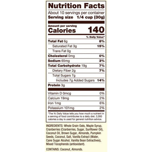 บ็อบส์ เรด มิลล์ กรานอล่า แครนเบอร์รี่ อัลมอนด์ อบกระทะ ปราศจากกลูเตน (312 กรัม)
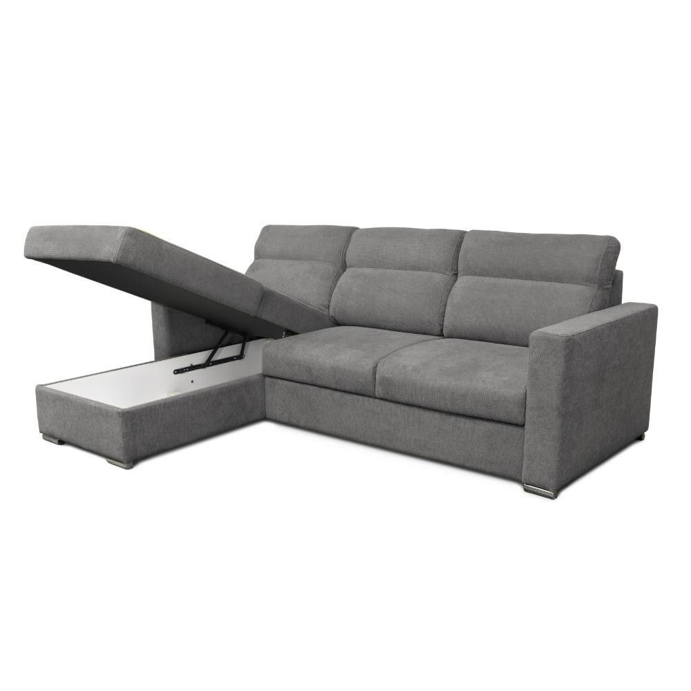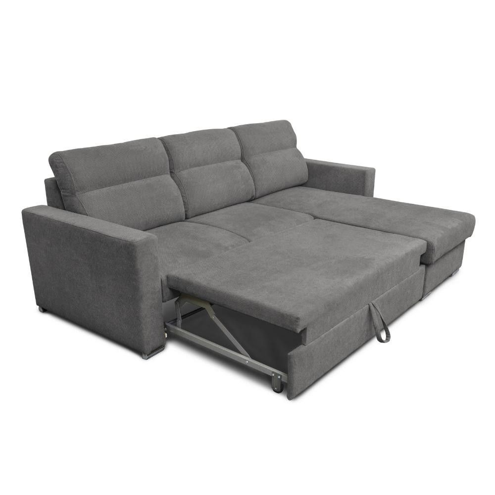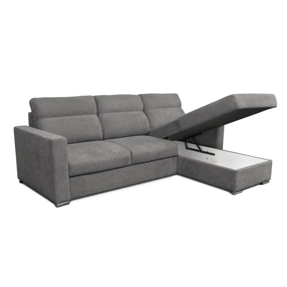 Divano angolare grigio con penisola reversibile e letto estraibile, rivestimento facile da pulire. Perfetto per chi ha poco spazio ma vuo...
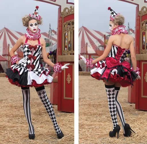 Costume includes sequin trimmed satin halter corset with silhouette boning and cascading wired hem, layered petticoat skirt, satin trimmed wrist cuffs and matching neck ruffle, clown hat head piece, and detachable snap-on oversized back bow.
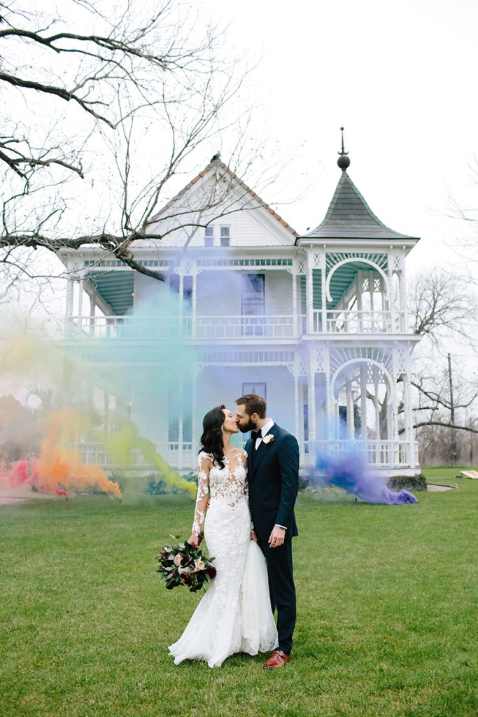 Drs. Liqiao Ma and Daniel Walk had the most gorgeous organic wedding florals by Bouquets of Austin at their romantic reception at Barr Mansion, Ballroom & Farmstead. Melissa Glynn Photography captured all the lovely details like the perfect place settings and cascading greenery installations throughout the rustic Texas venue – not to mention the love between these amazing doctors! See all the prettiness below, including their incredible smoke bomb portraits on the estate’s lawn! Cheers!
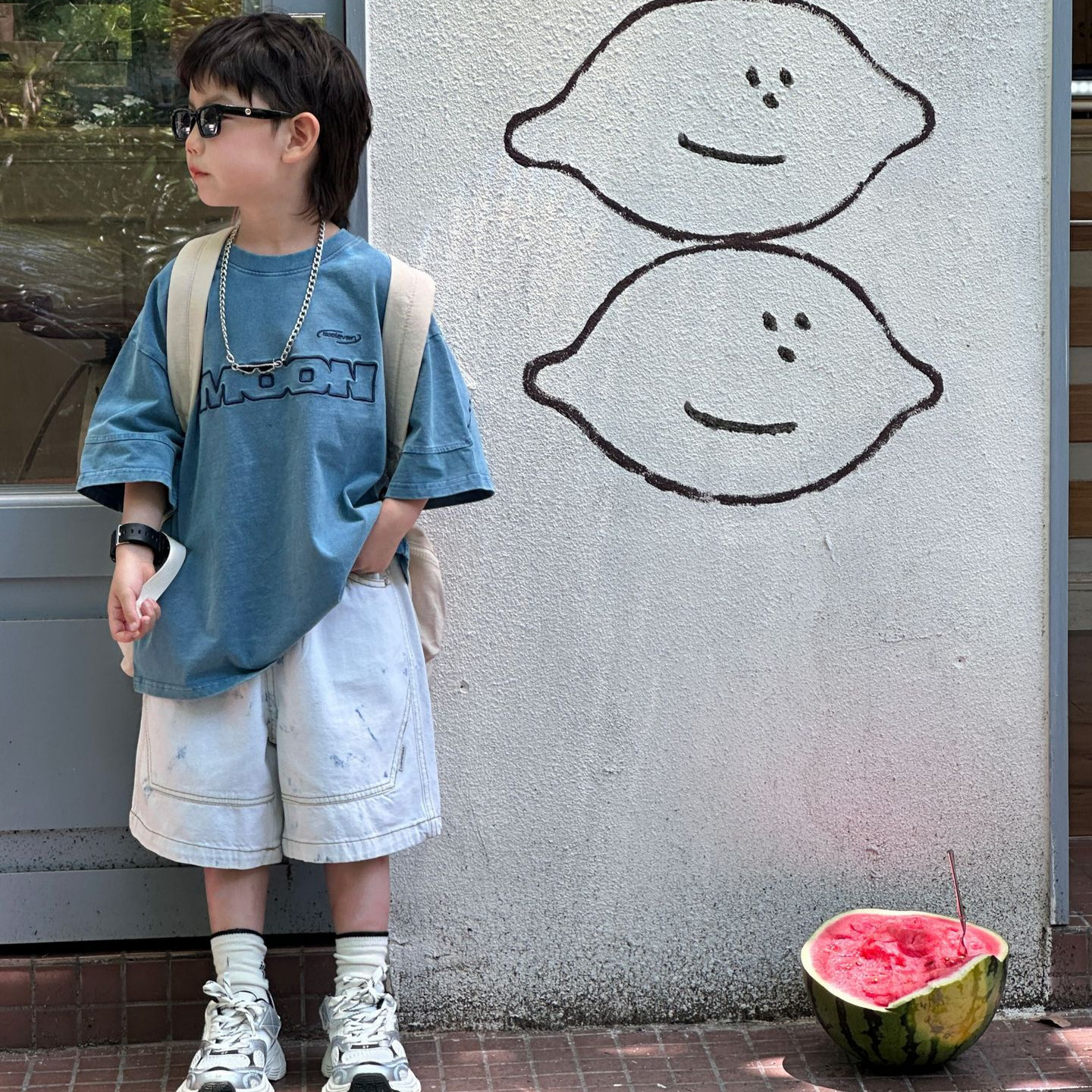 泰如夏季新款韩版男童时尚百搭设计感炒洗字母T恤儿童短袖潮
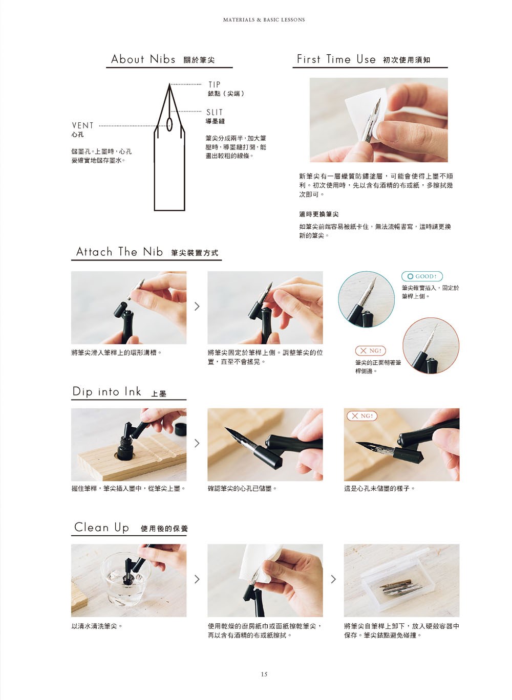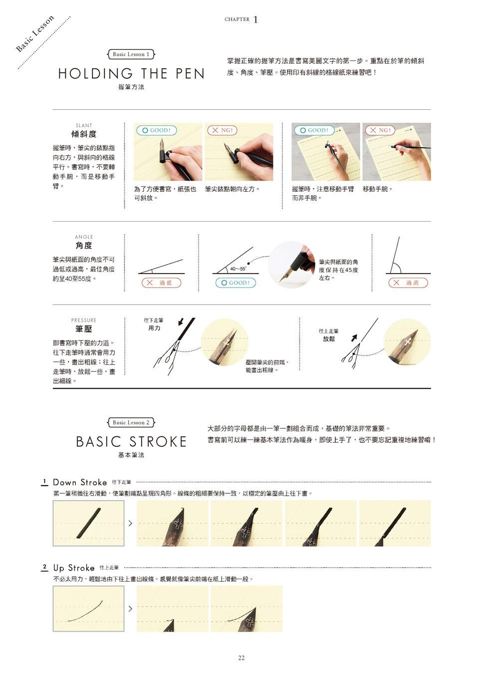 認識筆尖構造,學會筆桿與筆尖的組合方法,掌握正確的書寫角度、筆法、筆壓力道,認識各種墨水、紙張的特質……,不必害怕學不會!Veronica Halim細心教你從基礎開始,逐步進入文字的美學殿堂。

Exercise aim
Could the material above be written out again word for word, with the pictures dropped?

Expected output
 บ็อบส์ เรด มิลล์ กรานอล่า แครนเบอร์รี่ อัลมอนด์ อบกระทะ ปราศจากกลูเตน (312 กรัม)
 Divano angolare grigio con penisola reversibile e letto estraibile, rivestimento facile da pulire. Perfetto per chi ha poco spazio ma vuo...
 Costume includes sequin trimmed satin halter corset with silhouette boning and cascading wired hem, layered petticoat skirt, satin trimmed wrist cuffs and matching neck ruffle, clown hat head piece, and detachable snap-on oversized back bow.
 Drs. Liqiao Ma and Daniel Walk had the most gorgeous organic wedding florals by Bouquets of Austin at their romantic reception at Barr Mansion, Ballroom & Farmstead. Melissa Glynn Photography captured all the lovely details like the perfect place settings and cascading greenery installations throughout the rustic Texas venue – not to mention the love between these amazing doctors! See all the prettiness below, including their incredible smoke bomb portraits on the estate’s lawn! Cheers!
 泰如夏季新款韩版男童时尚百搭设计感炒洗字母T恤儿童短袖潮
 認識筆尖構造,學會筆桿與筆尖的組合方法,掌握正確的書寫角度、筆法、筆壓力道,認識各種墨水、紙張的特質……,不必害怕學不會!Veronica Halim細心教你從基礎開始,逐步進入文字的美學殿堂。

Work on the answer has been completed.